People wash their cars mindlessly; water their lawn when it should be brown; don't install low-flush toilets; run the dishwater half empty. Then there's the "luxury" factor. We like our hot tubs and long, lazy showers (A shout out to the Westin Resort & Spa for resisting the thoughtless tide of two showerheads per shower stall and still delivering a top experience). And we all like using those white fluffy hotel towels — once.

"I know the trend for Whistler water use is moving in the wrong direction," says Mayor Nancy Wilhelm-Morden. "I wonder if, to a certain extent, it's because we're surrounded physically in Whistler by so many lakes, streams and rivers it appears there's an abundance of water, plus we live in what has been, historically, a wet climate so water and water conservation isn't top of mind for residents and visitors alike."

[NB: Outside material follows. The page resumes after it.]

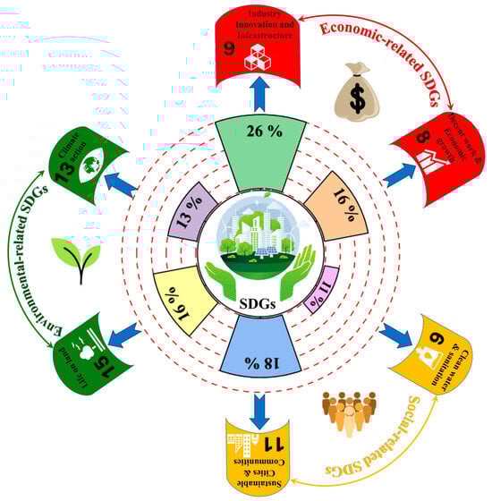 While existing research has made significant advances in spatiotemporal monitoring of LULC dynamics using multispectral satellite imagery across diverse climatic regions [,,,,], three critical gaps persist in current understanding. First, although studies have examined either urban growth patterns or flood hazards independently, limited research integrates both aspects within a unified analytical framework for coastal megacities. Second, while the importance of SDGs is widely recognized, quantitative methodologies linking LULC changes directly to SDG achievement metrics remain underdeveloped, particularly for economic indicators (SDGs 8 and 9), environmental measures (SDGs 13 and 15), and social benchmarks (SDGs 11 and 6). Third, existing predictive models often lack the integration of hydrological risk assessment with future urban development scenarios, limiting their practical application in sustainable urban planning.

Even so, she says, the municipality continues to focus on conserving and protecting water through infrastructure improvements like replacing aging water main pipes to help stop the nearly 28 per cent of municipal water lost through leaks.

Yes, Whistler has wise guidelines in place — like the Whistler 2020 water goals — and even bylaws to protect Whistler's water. But it all goes down the drain when we don't stop to think how valuable water really is.

WATER TABLE

Potable water the RMOW produced in 2012: 5.3 billion litres

Wastewater Whistler treated in 2012: 4.8 billion litres

Sewage Metro Vancouver generates annually: 449 billion litres

Water lost annually at Whistler due to water pipe leaks: 1.5 billion litres (27.6 per cent)

Vancouver water loss from pipe leaks: 11 per cent

Total length of water main pipes in Whistler: 130 km

In Vancouver: 1,450 km

Total length of sewage pipes in Whistler: 106 km

In Vancouver: 2,800 km

Glenda Bartosh is an award-winning journalist who watches her water.